Möchtest du auch etwas in Farbe drucken oder reicht dir ein Schwarzweiß Drucker aus? Möchtest du damit Fotos drucken oder nur Graphiken?


----------



## Kipperlenny (24. März 2008)

Damit möchte ich nur schwarz weiß Drucken. Selten Briefe etc., meißtens Dinge die ich dann einfach weghefte und niemals jemand anders zu Gesicht bekommt. Überwiegend sind es Texte und Homepages (also farbige Banner etc. dann in Graustufen drucken).


----------



## port29 (24. März 2008)

Okay, dann gibt es zwei Ducker, die ich dir empfehlen könnte:

Samsung ML-2010R (ca. 65€)

oder eine Preisklasse höher EPSON EPL-6200  / Samsung ML-2571N (ca. 160€)


----------



## Kipperlenny (24. März 2008)

Danke dir 

Bei comtech http://www.comtech.de/product_info.php?pID=179779&tab=pd steht der  Samsung für 59€, der Toner kostet 66€ wenn ich das richtig sehe.
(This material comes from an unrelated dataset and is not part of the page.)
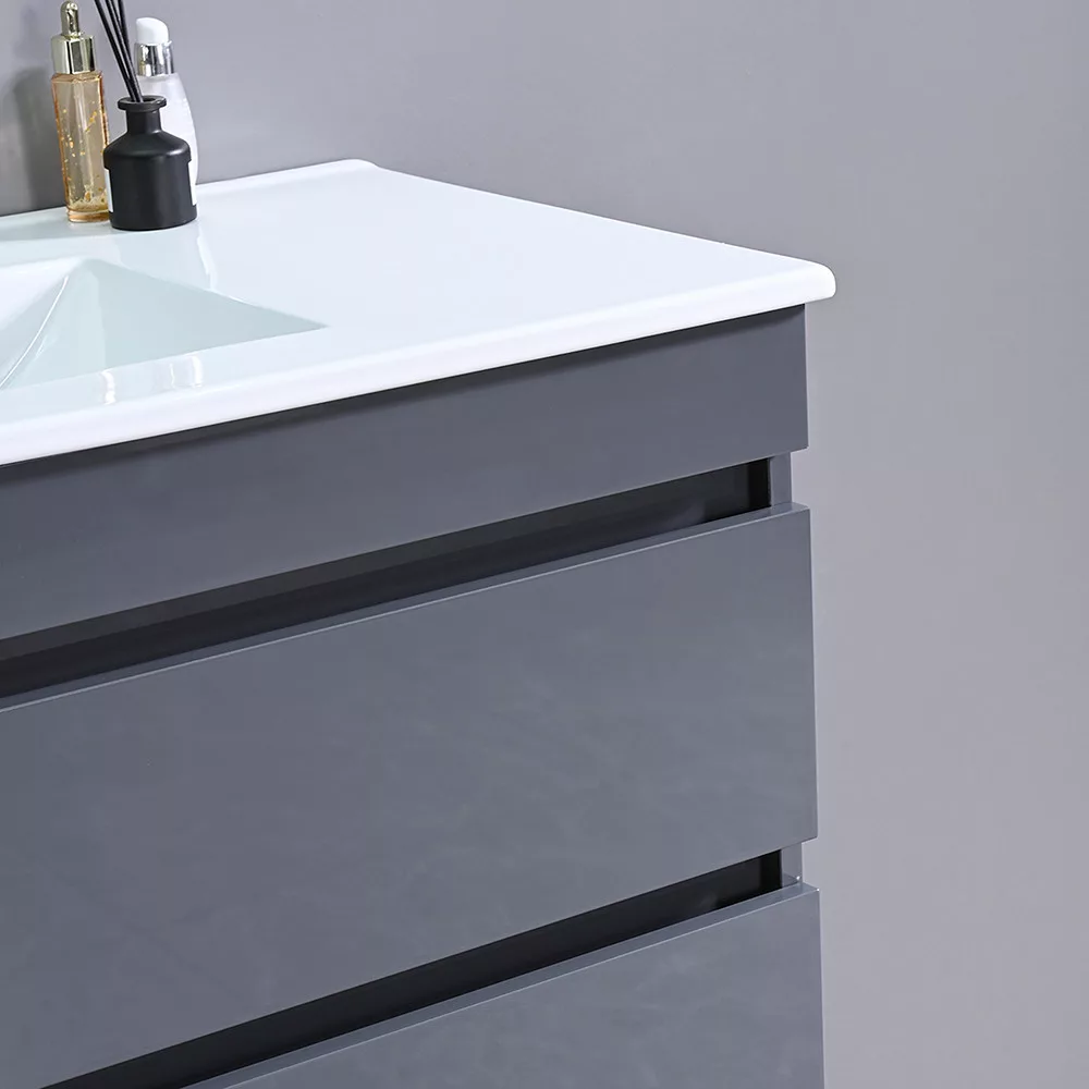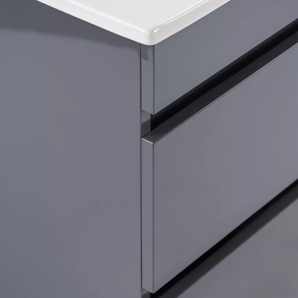 Neben der Funktionalität wurde natürlich auch dem Aussehen des Möbels große Aufmerksamkeit gewidmet . Dank seiner hochglänzenden anthrazitgrauen Farbe und seiner klaren, modernen Linien schafft es eine harmonische Atmosphäre in jedem Badezimmer.

Deswegen meine erste Frage: Ist schon ein Toner etc. bei dem Drucker dabei oder muss ich das extra kaufen?

Und die zweite Frage: Falls ein Toner dabei ist, dann kann ich doch auch weiterhin einfach immer nen neuen Drucker kaufen sobald der Toner leer ist und den Alten bei ebay verkaufen oder?


----------



## port29 (24. März 2008)

kein Problem. 

Ich sags mal so, ich bin nicht wirklich so ein Freund von den Wegwerfsachen, aber gerade bei den Druckern ist es etwas anderes. Ich kann dir gerne kurz eine Geschichte erzählen.
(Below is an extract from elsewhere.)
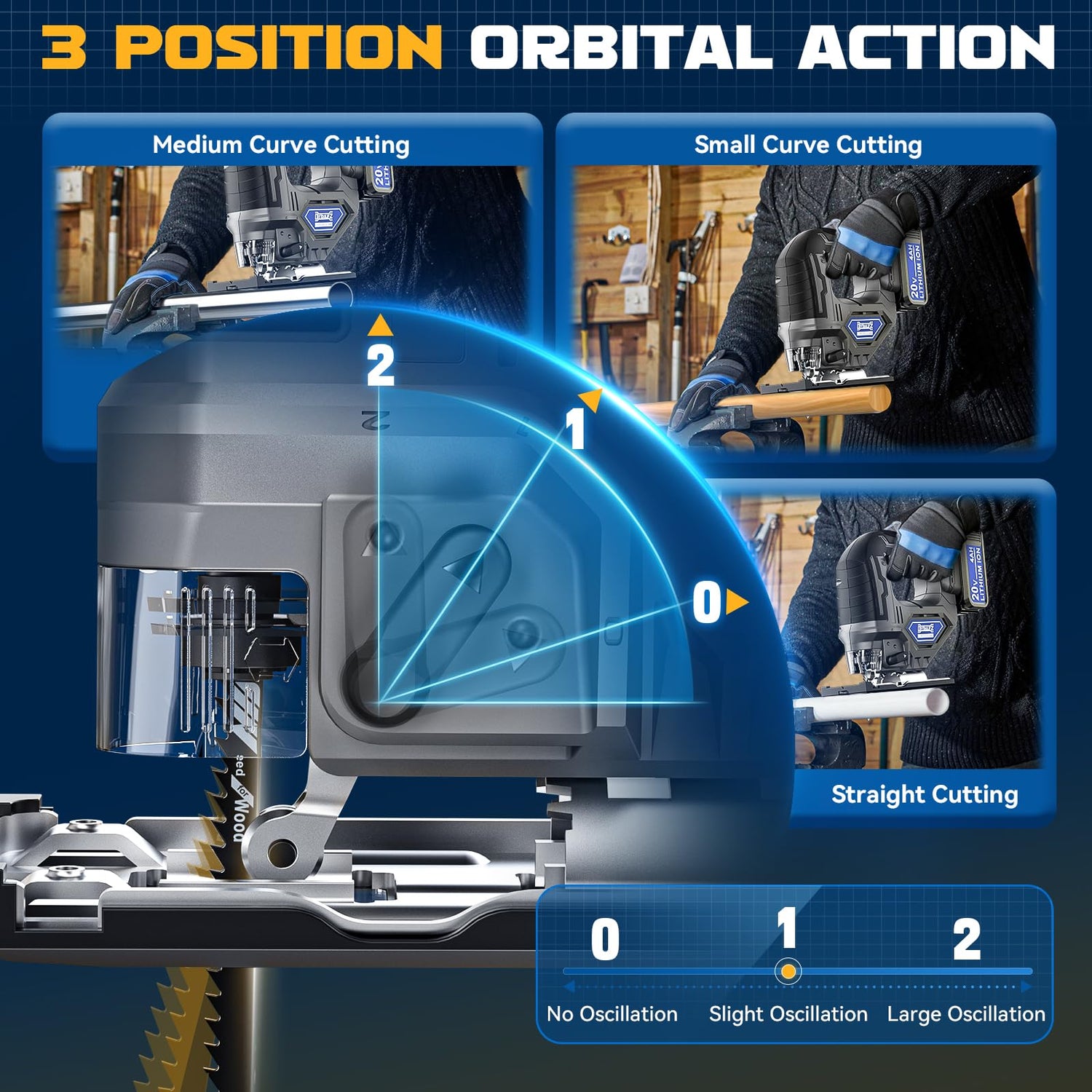 - Variable Speed & Precision Cutting: Achieve flawless cuts with variable speed control and 0°-45° bevel capabilities. The adjustable base pedal allows for easy miter cuts at 0°, 15°, 30°, and 45°. With 3 orbital settings, this cordless jigsaw cuts through wood (up to 80mm), steel (up to 8mm), and PVC pipe (up to 20mm) effortlessly. Enjoy precision and versatility for all your projects!

Vor genau 7 Jahren hatte ich die Nase von dem ganzen Patronen-Kaufen voll. Deshalb habe ich mir einen B/W Laserdrucker gekauft. Epson 5900L (wenn ich mich richtig erinnere). Diesen Drucker habe ich damals für die Schule gebraucht um Hausaufgaben auszudrucken, Briefe zu schreiben, Tutorials zu irgendwelchen Programmen, etc. Als ich dann mit dem Studium begann, habe ich damit dann auch Skripte ausgedruckt. Vor 2 Jahren habe ich mir nun auch einen Farblaser gekauft und den B/W meinen Eltern überlassen. Am Wochenende war ich bei denen und der Drucker druckt immernoch mit dem ersten Toner.
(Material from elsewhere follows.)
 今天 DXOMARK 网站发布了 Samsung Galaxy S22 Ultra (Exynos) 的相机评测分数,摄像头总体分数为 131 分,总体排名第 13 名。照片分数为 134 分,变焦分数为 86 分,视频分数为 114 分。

In dem kleinen Epson Drucker reicht der Toner für ca. 3000 Seiten, das ist ganz schön viel. Bei meinem aktuellen Farblaser habe ich den Schwarzweiß Toner nun auch schon leergefressen, nach rund 2 Jahren und ca. 3,5k Seiten war schluss mit Lustig. Hab mir dann für 50€ einen neuen Toner bestellt, der ca. 5k Seiten halten soll. Aber ganz ehrlich: Ich glaube nicht, dass der Drucker den Toner überlebt. Er wird mir ca. 2-3 Jahre reichen und dann ist der Drucker einfach veraltet.


----------



## Kipperlenny (24. März 2008)

Bei Druckern ist meiner Meinung nach immer das sinnvollste Sie einfach zu verkaufen wenn sie leer sind, meißtens zahle ich dann nur 5-10€ für den neuen Drucker mit vollen Patronen nach Abzug des Verkaufpreises des alten Druckers.

Also ist bei dem Samsung ein voller Toner dabei?


----------



## port29 (24. März 2008)

Also ich weiß von Samsung, dass die mal damit geworben habe, Drucker mit vollen Tonern anzubieten und nicht wie viele andere Hersteller das tun und die Verbrauchsmaterialien nur zur Hälfte füllen, denn damit lässt sich ja das Geld verdienen.


----------